Artem Zavalko
About Artem Zavalko
Artem Zavalko is a Software Architect with extensive experience in agile software development, particularly in the banking and finance sector. He has worked at various companies, including DataArt and Finanz Informatik Solutions Plus GmbH, and has contributed to projects focused on handwriting recognition technology.
Work at Finanz Informatik Solutions Plus
Artem Zavalko has been employed at Finanz Informatik Solutions Plus GmbH as a Software Architekt since 2013. He has accumulated over 11 years of experience in this role, contributing to various software architecture projects in Frankfurt am Main, Hesse, Germany. His responsibilities include overseeing technical aspects of software development and ensuring alignment with industry standards.
Previous Experience at DataArt
Prior to his current role, Artem Zavalko worked at DataArt as a Senior Software Entwickler from 2007 to 2011. During his four years in St. Petersburg, he gained valuable experience in software development, which laid the foundation for his future roles in software architecture.

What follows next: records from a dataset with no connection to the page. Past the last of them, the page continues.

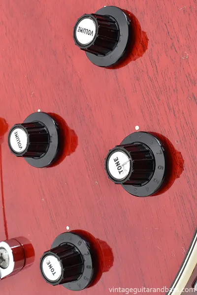 1973 Hagstrom Swede Bass control knobs: a volume and tone control for each pickup.
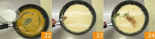 Vierte la leche a temperatura ambiente en varias veces, siempre mezclando con el batidor, y deja que espese 22. Condimenta con sal, nuez moscada 23 y romero 24.
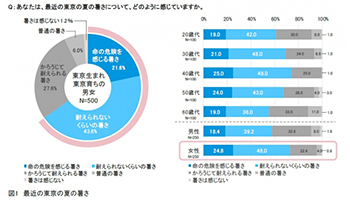 「あなたは、最近の東京の夏の暑さについて、どのように感じていますか」との質問に、43.6%が「耐えられないくらいの暑さ」、21.6%が「命の危険を感じる暑さ」と回答。合計で6割以上の人が、最近の東京の夏は“普通の暑さではない”と感じていた。
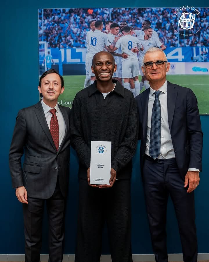 Aux côtés du président de l’Olympique de Marseille Pablo Longoria et du Conseiller institutionnel et sportif Fabrizio Ravanelli, le milieu de terrain camerounais Stéphane M’bia pose fièrement avec son trophée de OMLegendes.
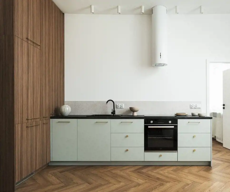 Kuchnia z nowym sprzętem AGD, gotowa do użytku.
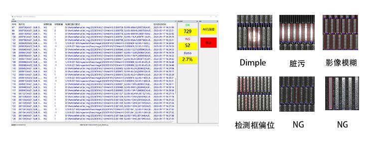 For products with particle count less than the set threshold, perform secondary judgment, filter out misjudgments caused by Dimple, dirt, image blur, deviation, etc., and accurately detect genuine NG products. |
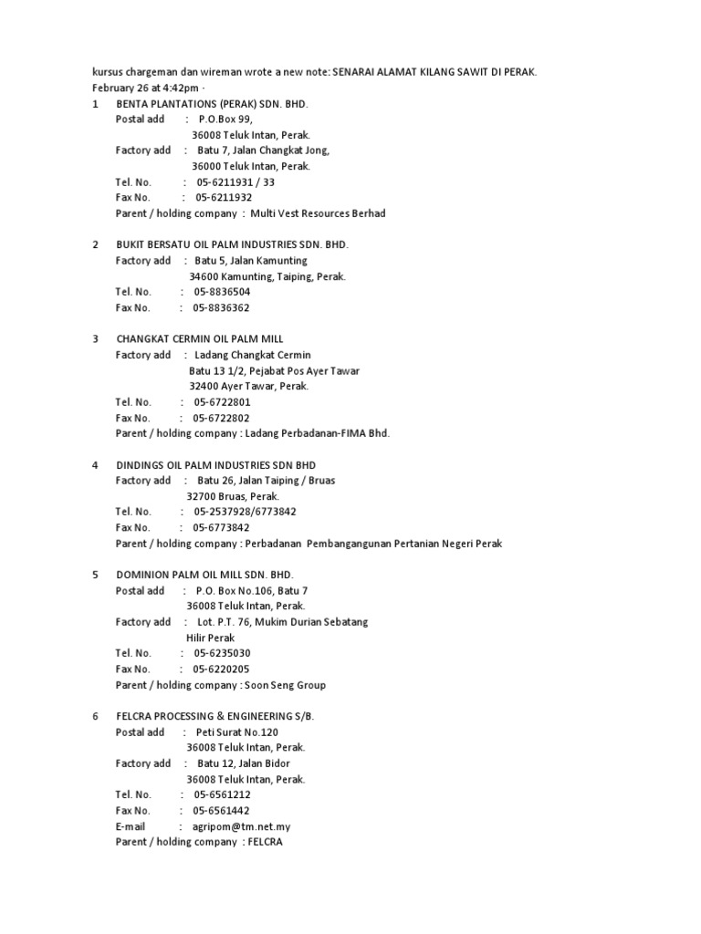 Lima Jam Padam Kebakaran Silo Sawit from www.sinarharian.com.my Tandakan dengan betul lokasi yang dinyatakan pada peta di bawah. It is the center of hilir perak district and the third largest town of perak state. Teluk intan ha ospitato anche l'incontro tra raja abdullah, dato 'maharajalela e altri capi malesi che complottarono per uccidere jww birch teluk intan è stato il principale insediamento amministrativo e commerciale per le città vicine più piccole come tapah , bidor , bagan datoh e hutan melintang. Kedai makan tepi kilang sawit felcra. Hari pertama pembukaan tesco teluk intan, ramei bebenor kome wei. 787, kampung batu 12, perak, kampung batu dua belas, 36000 teluk intan, perak, malaysia. Jika anda ke teluk intan, jangan lupa merasai keenakan makanan di 10 tempat makan teluk intan. Apakah kalian pernah mendengar kata kilang?

Experience at Pixell, The Amadeus Leisure Group
From 2011 to 2013, Artem Zavalko served as a Software Architekt and Senior Software Entwickler at Pixell, The Amadeus Leisure Group, located in the Bonn Area, Germany. His two-year tenure involved significant contributions to software architecture and development, enhancing his expertise in the field.
Education and Expertise
Artem Zavalko studied at ITMO University from 2007 to 2010, where he earned a Dipl.-Ing. in Informationssysteme und Technologien. He also attended Bratsk Staatliche Universität from 2003 to 2007, focusing on the same field. His educational background supports his extensive experience in agile software development, particularly within the banking and finance sector.

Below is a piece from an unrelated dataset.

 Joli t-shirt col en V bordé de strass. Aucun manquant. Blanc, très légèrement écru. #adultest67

Projects and Contributions
Artem Zavalko has been involved in several notable projects, including efforts to reduce handwriting recognition error rates to 2%. He co-authored an article on handwriting recognition using a Convolutional Neural Network (CNN) and experimented with JavaCNN and Deeplearning4J for neural network configurations. His work includes optimizing a CNN to achieve a 98% accuracy rate in recognizing handwritten digits and developing a solution for the automatic recognition of handwritten tax ID numbers.